“If you use bad quality data to make decisions, the insights will be meaningless.” – Florence La Carbona: Enterprise Data Manager at TAL.
Good data is good for business. You can have a vast amount it, and the technical experts to analyse it, but that still doesn’t mean you’ll get the answers you need.
Here’s how to make Big Data work for your business in 6 steps.
#1 – DEFINE YOUR PURPOSE
“Big Data can be a lot like spring cleaning. You can come across a lot of ‘stuff’ you don’t really need, but you still have to dig into it. So where do you start?” – TechRepublic.
In a world saturated with ever-increasing data and information, it’s important to recognise what’s relevant and what isn’t. The best way to do this is to make sure the data you’re using is aligned with the use case at hand.
“Good data quality always depends on the context in which it is used.” – bi-survey.com
Picking the right use case involves clearly defining your business outcomes. What are you trying to achieve with Big Data Analytics?
“The Business outcome will help the organisation stay focused on finding the right match for the business challenge. From there, they can clean and link only the most pertinent data.”- Yoni Malchi: Author at World Wide Technology.
#2 – IMPLEMENT THE RIGHT TOOLS
“Are ‘data-rich’ organisations really leveraging their data to support continuous improvement? To succeed at this they must provide user-friendly tools that turn what is often an overwhelming amount of data into actionable insights.” – Menno Veeneklaas & Tibor Schwartz: Partners In Performance.

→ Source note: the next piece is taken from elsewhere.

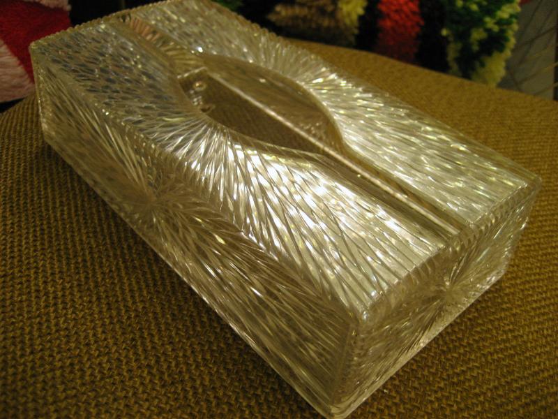 | ビンテージティッシュケース / 50年代 MADE IN USA クリアアクリルメイドのビンテージティッシュボックス。底面スライドオープンタイプでウォールハンギングもOKです。スターバーストデザインのクールでキュートなビンテージバニティピース! |
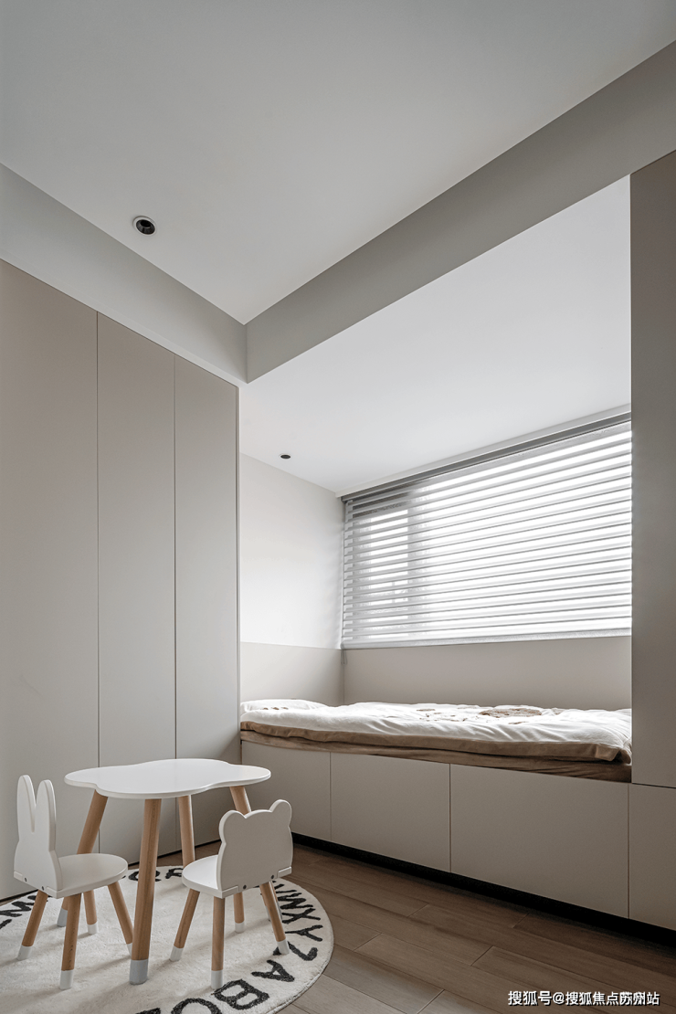 次卧室整体衣柜采用内嵌式处理,桌椅为卡通造型,激发孩子的兴趣和活泼天性。

Gone are the days where businesses struggled extract meaning from mass volumes of raw data and wait several days, even weeks, for results. New software tools have taken the pain out of the process involved in collecting and analysing data. Products like Hadoop, Pig, Hive and Spark allow you to create your own Big Data stack and build your own solution platform.
“New architectural concepts such as data lakes or technologies like Spark and Hadoop require enterprises to rethink their data pipelines, starting at the source where data is produced, to how it is transported and eventually stored and prepared for analysis.” – Kumar Srivastava: Contributor at TechCrunch.
#3 – BECOME A DATA DETECTIVE
“The more familiar you are with the data, the easier it is to spot something that seems strange. A good place to start is by looking at the raw data to see what jumps out.” – Matthew Peters: Research Scientist at Allen Institute of Artificial Intelligence.
Although it may seem like a dull task, taking the time to make sure you’re collecting the best data possible will give you a significant advantage when it comes to increasing your profitability and achieving your business goals.
“Working to make sure that your organisation has the most accurate data on its clients possible can seem quite tedious. However, software tools from providers make the process of collecting accurate data simple.” – Experian.
#4- KEEP TRACK OF YOUR PERFORMANCE
“Each key performance indicator should be defined to measure the quality, enhancement over time and ways in which to improve a specific set of data.” – Forbes.
The main purpose for implementing a Big Data Analytics strategy in any organisation is to see an improvement in performance by turning insights into solutions that drive competitive advantage.
It’s important to measure the performance of your data analytics project by measuring it against set objectives from its inception through to completion.
“Finding business intelligence in Big Data depends on identifying strong key performance indicators that deliver high value to the business.” – Mary Shacklett: Contributor at TechRepublic.
#5 – UNIFY YOUR DATA
“Demand is growing for analytics tools that seamlessly connect to and combine a wide variety of cloud-hosted data sources. Such tools enable businesses to explore and visualise any type of data stored anywhere, helping them discover hidden opportunity in their IoT investment.” – Tableau.
Data can tell you what you need to know, but only if you can see it clearly. By building a single source, 360-degree view of integrated data, your team can access and drive value from a cohesive analytic environment.
“A unified data architecture is a more comprehensive view of the overall enterprise architecture; a collection of services, platforms, applications, and tools that make the best use of available technologies to unleash the optimal value of data.” – tdwi.org.
#6 – START WITH PEOPLE, NOT TECHNOLOGY
“How do you harness the power of software-defined solutions, and how do you get yourself ready for the next phase of your business’ IT strategy?” – Logicalis.
Implementing Data Analytics doesn’t start with technology, it starts with people.
“How can the CIO and his team introduce big data into their workflow, and how can they translate what appears to be hieroglyphics to top-level executives in plain language?” – Aberdeen Essentials.
It all starts with knowledge. This involves de-mystifying the common buzz words around Big Data and Analytics, so that your team can communicate effectively about what you are trying to achieve. The second step is to approach Data Analytics in a way that’s relevant to your team.
“Ask questions about the pain points that people feel in their everyday jobs. This presents data analysis as the solution you know it can be, rather than the burden someone else may see it as. Approach your intent to get your office on board with data analysis as a way to make the team even stronger, and a way to empower each individual to do his or her job better, and to make better informed decisions.” – Kelli Simpson: Former Marketing Manager at DataHero.